In anticipation of another heat wave, Huxter fitted several beehives with thermometers. In some, she set up a steady drip of simple syrup — something her neighbor had tried. In others, she placed a two-inch piece of Styrofoam insulation on top.

While the drip did little to keep hive temperatures down, the styrofoam cover reduced average daily highs by 3.8C, a “significant reduction,” McAfee wrote in the beekeeping industry’s Hivelights newsletter earlier this year.

“It’s a step to better manage the colonies in these extreme conditions, which we should really expect to only increase in the future,” McAfee later told Glacier Media.

Canadian company uses drones to replant BC’s burned forests

When the six rotors of these heavy-duty drones spring to life, they propel over 1,500 seeds into an automated swarm that some hope will mark the beginning of a revolution in tree planting.

With the promise of rejuvenating forests from the air, tree-planting startups are trying to complement shovels and long workdays with swarms of seed-carrying aerial drones. A growing destination: BC’s burned forests.

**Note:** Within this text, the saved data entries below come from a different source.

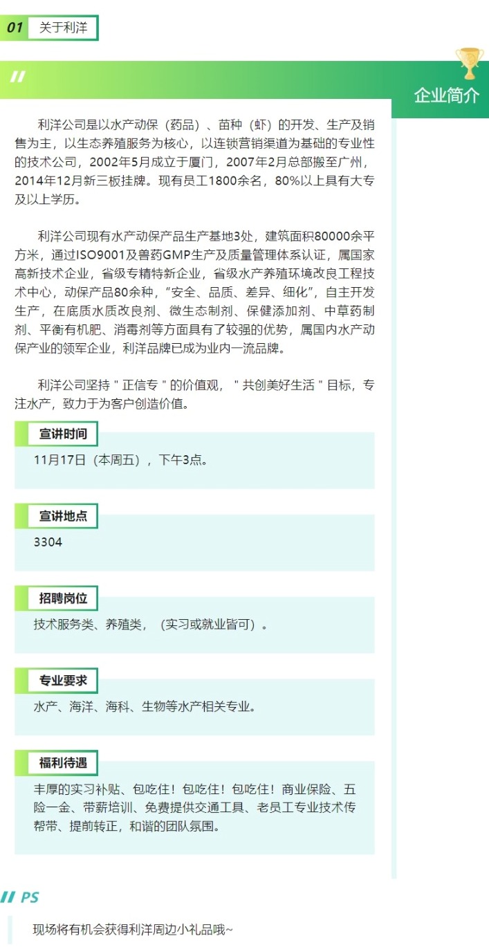 【就业招聘】广州利洋水产科技股份有限公司2024年度校园宣讲会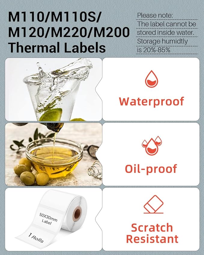 - Thermal Label Features- Phomemo self-adhesive Multi-Purpose labels are water resistant, oil resistant, abrasion resistant and strong adhesion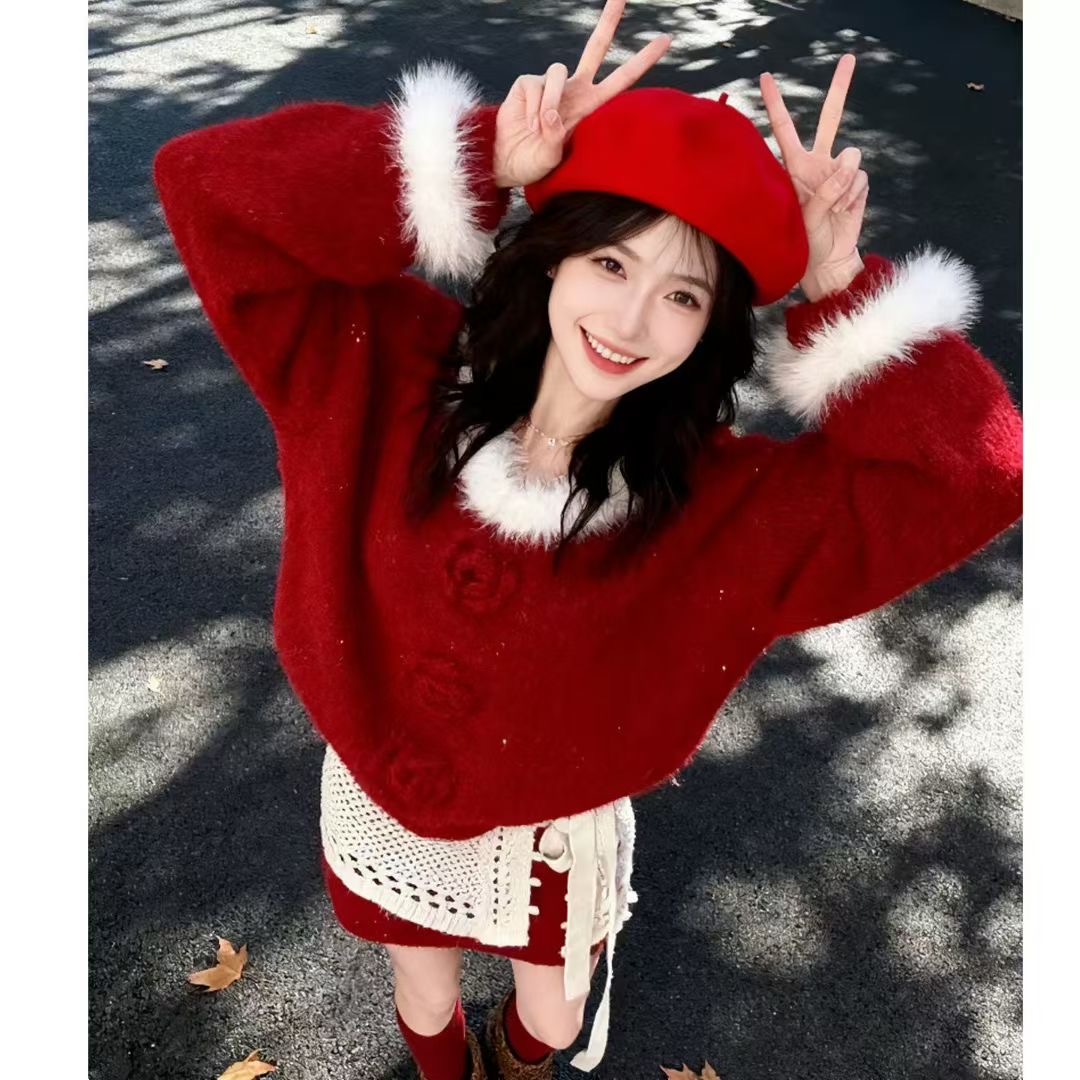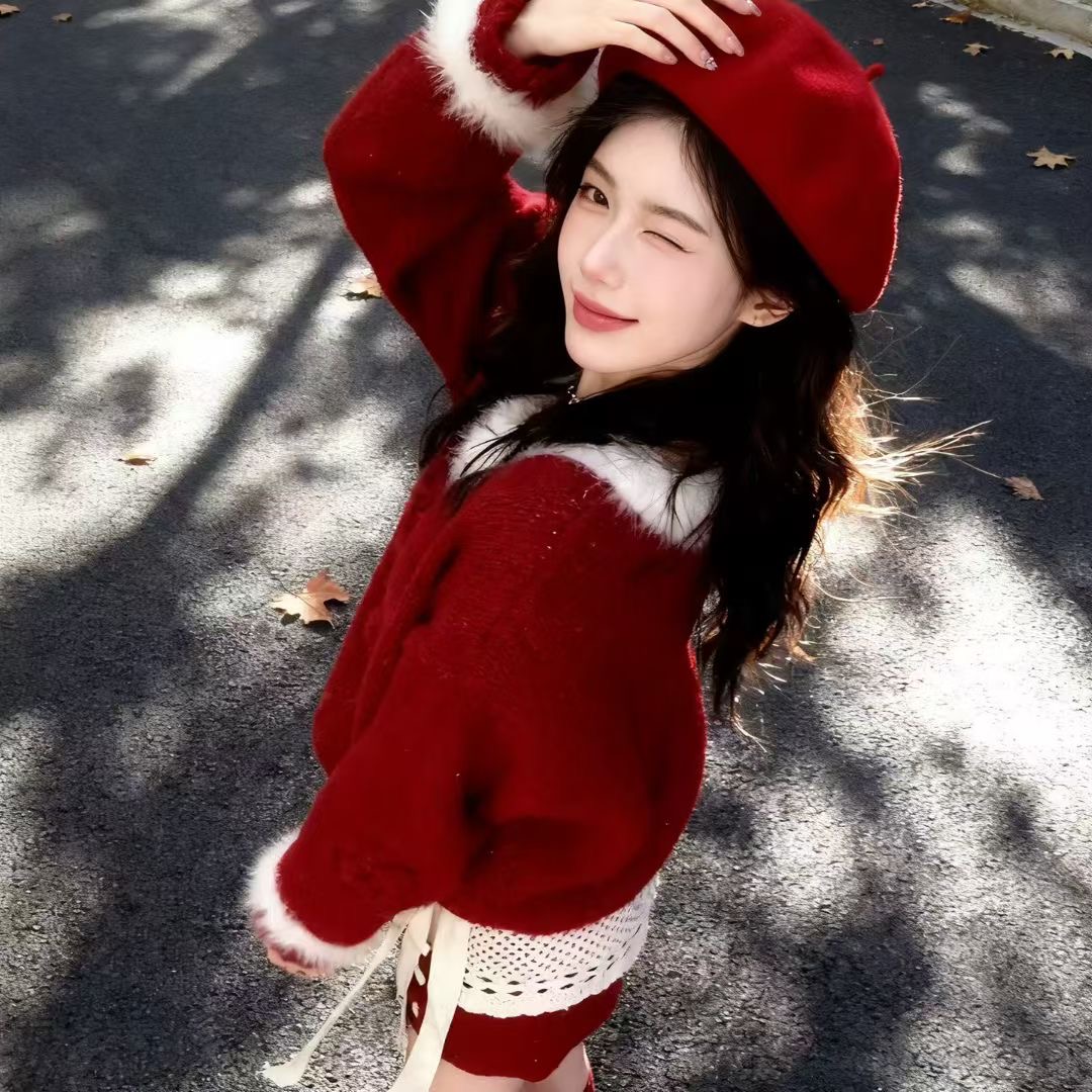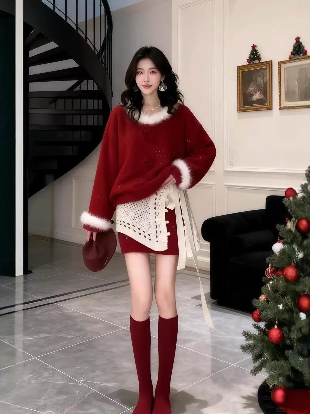 겨울철 인기 만점 코디: 날씬하고 어려 보이는 레드 니트 스웨터와 스커트로 구성된 완벽한 한국 스타일 디자인 세트.

Last spring, in its first commercial planting season, Flash Forest planted 150,000 trees, almost exclusively in wildfire-affected BC forests. This included land burned in the 2021 White Rock Lake fire east of Kamloops, as well as wildfire scars near Quesnel, 100 Mile House and northern BC

In October, Canada’s Department of Natural Resources announced it would support Flash Forest with a grant of more than $1.3 million. In two years, the government has commissioned the company to plant more than a million trees.

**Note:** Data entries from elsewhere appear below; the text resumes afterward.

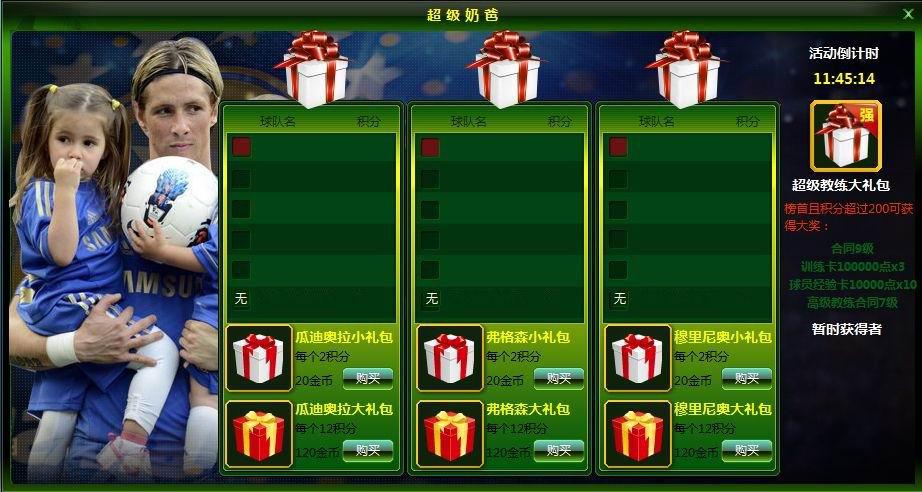 活动内容:在活动期间内,参与“超级奶爸”活动的玩家在购买三位教练的大/小礼包时不仅可随机获得诸多道具装备,购买礼包的同时还可获得积分呢~在活动截止时每位教练栏中积分榜第一者且积分超过200分可获得超级教练大礼包哟~~里面藏着合同1-9级,训练卡100000点*3,球员经验卡10000点*10,高教合同8级呢~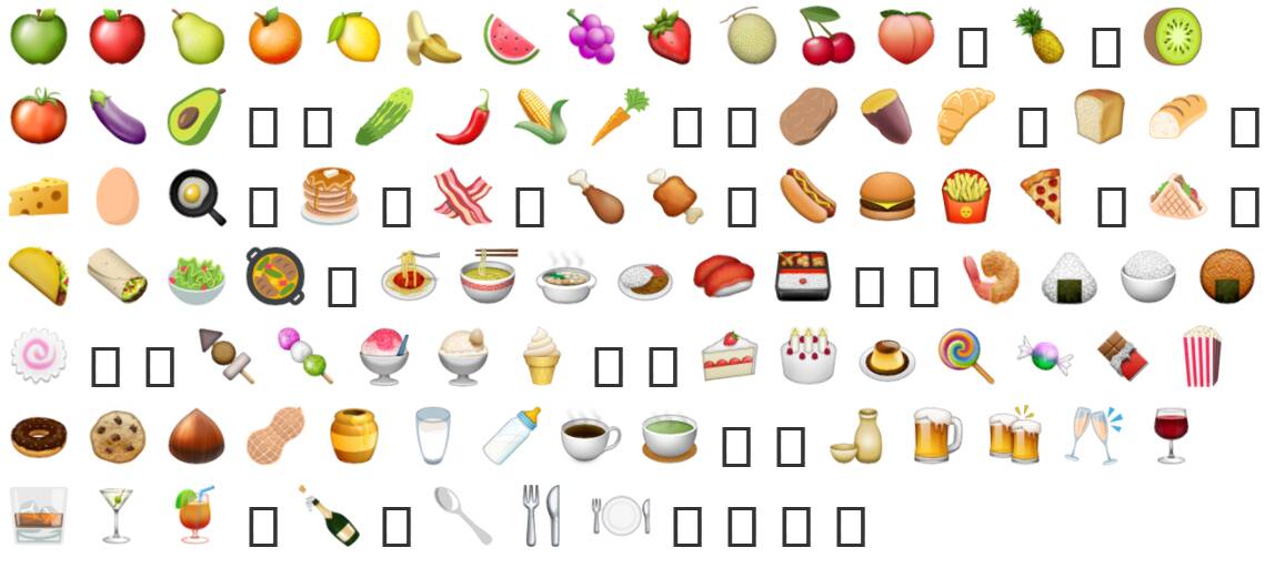 我这里除了 New Emojis 和 Windows 上几乎都没有(“喜闻乐见”)的 Flags 外都是全的。或许可以试试谷歌的 Noto Emoji fonts。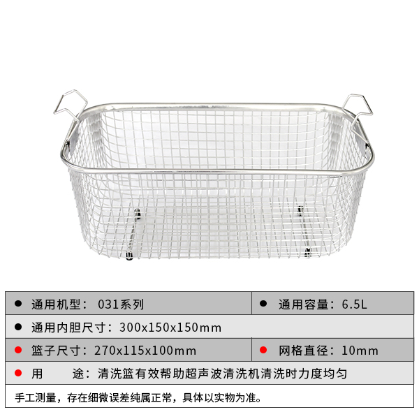 福洋6.5L清洗篮 | 031系列清洗篮 | SUS304不锈钢 2019/11/29 产品中心工业用系列 1511 规格参数 通用机型:031系列 通用容量:6.5L 内胆尺寸:300*150*100mm 篮子尺寸:270*115*100mm 网格直径:10mm 产品用途:使超声波清洗机在清洗时力度更均匀 咨询在线客服询价

To date, the company has completed 37 projects involving 22 different tree species. But Flash Forest’s ambitions are much bigger — as Canada’s largest company of its kind, it plans to quadruple the number of trees it plants each year, aiming for a billion trees planted across the country by 2028.

If done under the auspices of the federal government, it would represent half of Canada’s goal of planting two billion trees by 2030.

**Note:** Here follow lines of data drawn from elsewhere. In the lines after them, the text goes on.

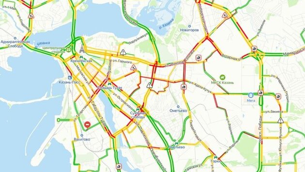 На дорогах Казани образовались 9-балльные пробки. Об этом говорят данные сервиса "Яндекс.Пробки".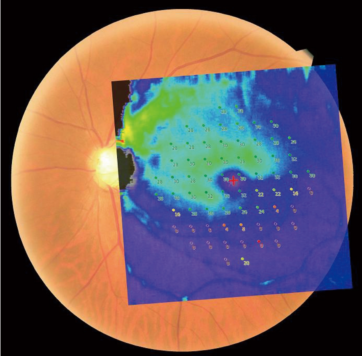 可通過將OCT的各種形態學檢查影像與NIDEK微視野視野計MP-3采集的視功能檢查數據疊加成各種功能性多模影像。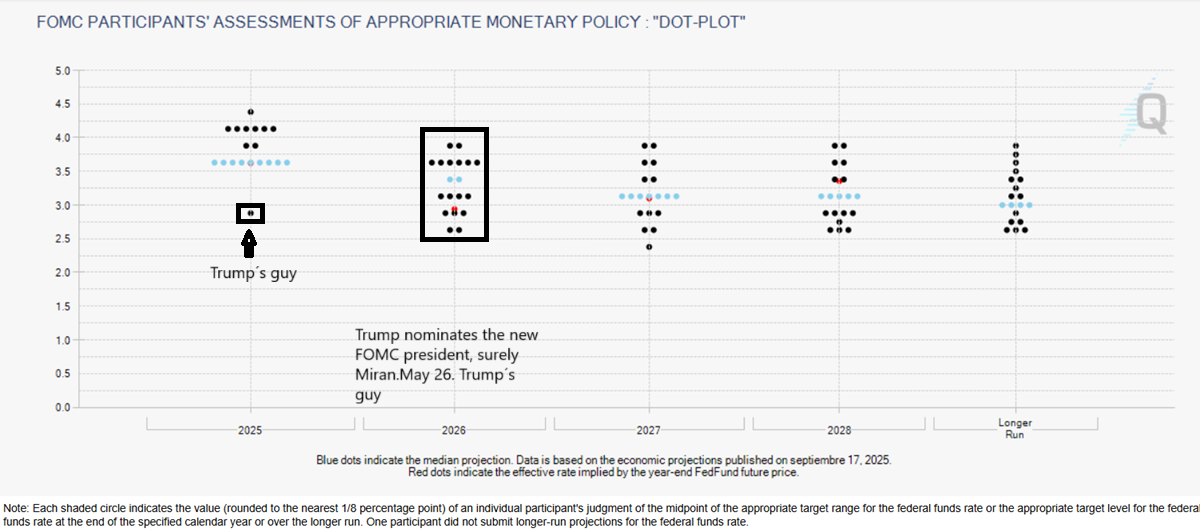 For 2026, the Committee sees rates between 4% and 2.5%—a huge dispersion.Stephen Miran (Trump’s guy) will be Chair, Powell still on the FOMC though.

“Reforestation is arguably the best solution we have to pull carbon out of the air,” said Bryce Jones, University of Victoria graduate and co-founder and CEO of Flash Forest.

Humpback whale gets a helping hand

A whale caught in a shrimp fishing gear received a helping human hand in October after the marine mammal rescue team came to the rescue.

Humpback whale populations have made a major comeback in BC waters over the past several decades. But with their growing numbers, they also face a challenge.

“Debris is a real problem for marine life,” Lara Sloane, the DFO’s communications advisor, said in an email after the rescue.

The fishing gear—lines from a buoy—appeared to be attached to the whale’s mouth.

Sloane said the public can help prevent entanglements by cutting packing material, tape, rope and other loop material before disposal and not discarding these materials into the marine environment.

An emergency test for an experienced sea swimmer

In another water rescue, swimmer Emilyn Golden was hailed as a hero after she dove into the sea to save a teenager who was washed ashore off West Vans Dundarave Beach in October.

The choppy water proved to be too much for the teenager, who Golden learned had autism and didn’t swim.

“Eventually I saw a little black dot and I said, ‘Is that him?'” she said.

When she reached him, his lips were purple and he was nervous as she approached.

His mom had popsicles on the beach, Golden said. So she smiled and told him he was a very good swimmer, “and we had a race.”

Slowly the two began to swim towards the shore together. But the teenager couldn’t continue and Golden held him up.

Eventually, a Kitsilano Coast Guard inflatable boat arrived and fished the two out of the water about 150 meters from shore.

When they got to shore, the boy’s mother came to hug Golden while she was sobbing.

Golden attributed their survival to their habit of regularly swimming in the sea throughout the winter.

“It really allowed me to stay calm and stay in control of the situation,” she said.